Summary: Reproducible Kernel panic/oops during boot and startup - Panasonic Toughbooks
Product: ACPI Reporter: Anthony Awtrey (tony)
Component: ACPICA-CoreAssignee: Lin Ming (ming.m.lin)
Status: CLOSED CODE_FIX    
Severity: normal CC: acpi-bugzilla, florian, frozenpoint, john.floyd, lenb, Robert.Moore, rui.zhang, srini.yendeti
Priority: P1    
Hardware: All   
OS: Linux   
Kernel Version: 2.6.32 Subsystem:
Regression: Yes Bisected commit-id:
Attachments: dmesg kernel panic/oops #1
dmesg kernel panic/oops #2
dmesg kernel panic/oops #3
dmesg kernel panic/oops #4
dmesg kernel panic/oops #5
dmesg kernel panic/oops #6
dmesg kernel panic/oops #8
dmesg kernel panic/oops #9
dmesg kernel panic/oops #10
dmesg kernel panic/oops #11
dmesg for toughbook cf30 mk3 problems
cf30 mk3 dsdt
acpi dump from cf30
Mainline kernel dmesg cf30
acpidump output from cf-19m4
dmesg output from cf-19m
acpidump output from cf-74m4
dmesg output from cf-74m4
acpidump output from cf-30m2
dmesg output from cf-30m2
CPU0IST.dat as requested
APIST.dat as requested
CPU0CST.dat as requested
APCST.dat as requested
patch to fix ACPI errors

Description Anthony Awtrey 2010-10-01 22:28:51 UTC
I've got reproducible kernel panics on recent stable kernels (2.6.32.8/16/23 and 2.6.35.2 specifically), but not on 2.6.30.x kernels. The panic/oops are occurring on two different hardware platforms; the Panasonic Toughbook CF-19 Mark 3 and and Toughbook CF-74 Mark 4. These are the latest revisions of these hardware models and we have seen the issue on multiple units.

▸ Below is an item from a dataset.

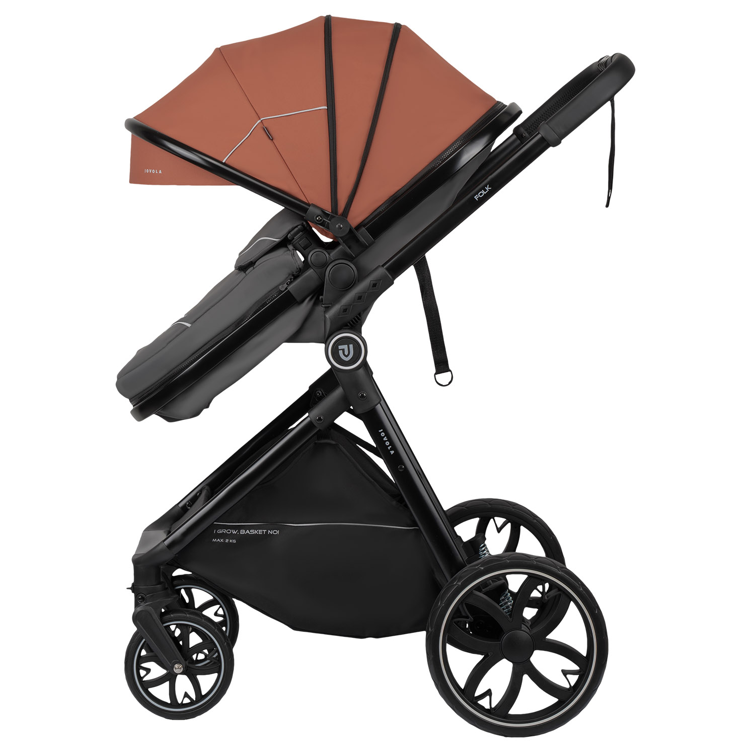 Практичная, функциональная коляска трансформер для новорожденных Jovola Folk предназначена для прогулок и перевозки детей с рождения до трех лет.Трансформеры не занимают много места и намного экономичнее модульных моделей. Один ее блок заменяет собой два блока универсальной детской коляски 2в1.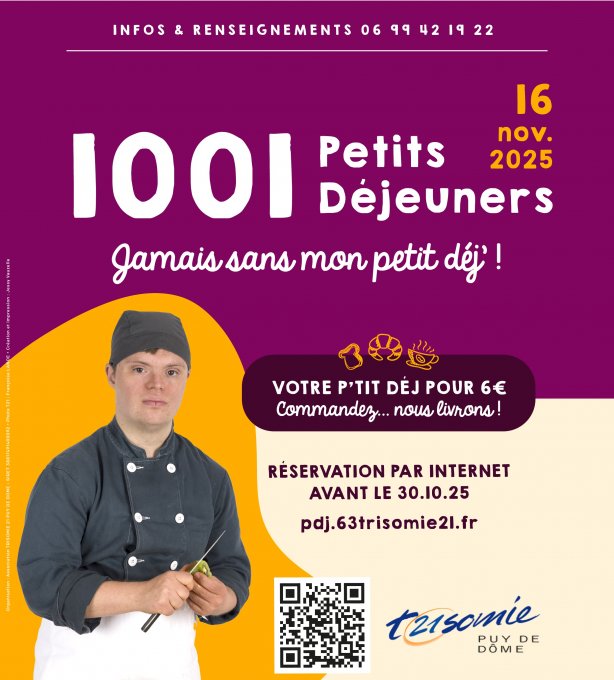 Pour cette 18ème édition, qui aura lieu le 16 novembre, l'équipe organisatrice des 1001 petits déjeuners espère le même succès que les années précédentes. pour commander des petits déjeuners comme pour devenir bénévole d'un jour, vous pouvez vous inscrire sur notre site https://pdj.63trisomie21.fr/

I'll attach the dmesg output from a few different panics / oops we've captured. There are two or three variations of kernel panics that repeat, so I'll include representatives from each type. All of the kernel panics I've seen occur during  boot (initramfs or early init boot process). Once a system is up and running fully, I've not seen a single lockup or oops of this type again. I've looked at related bugs with the acpi subsystem, but haven't seen anything quite like our issue, so I am opening a new issue here.

FYI, I build mainline kernels, using the Debian config and package process, with some very minor config tweaks. My base OS is the Squeeze pre-release. My local mirror has the following package versions for key related packages:

 * udev 160-1
 * module-init-tools 3.12-1
 * initramfs-tools 0.98.1

I have been *unable* to repeat this issue using either a Lenny baseline or a Squeeze baseline running the 2.6.30 kernel. I'll include the full panic messages to this ticket for each of the crashes, but here is a summary of the fun.


The first type of issue reports bugs in the mm/slab.c or kernel/cred.c code.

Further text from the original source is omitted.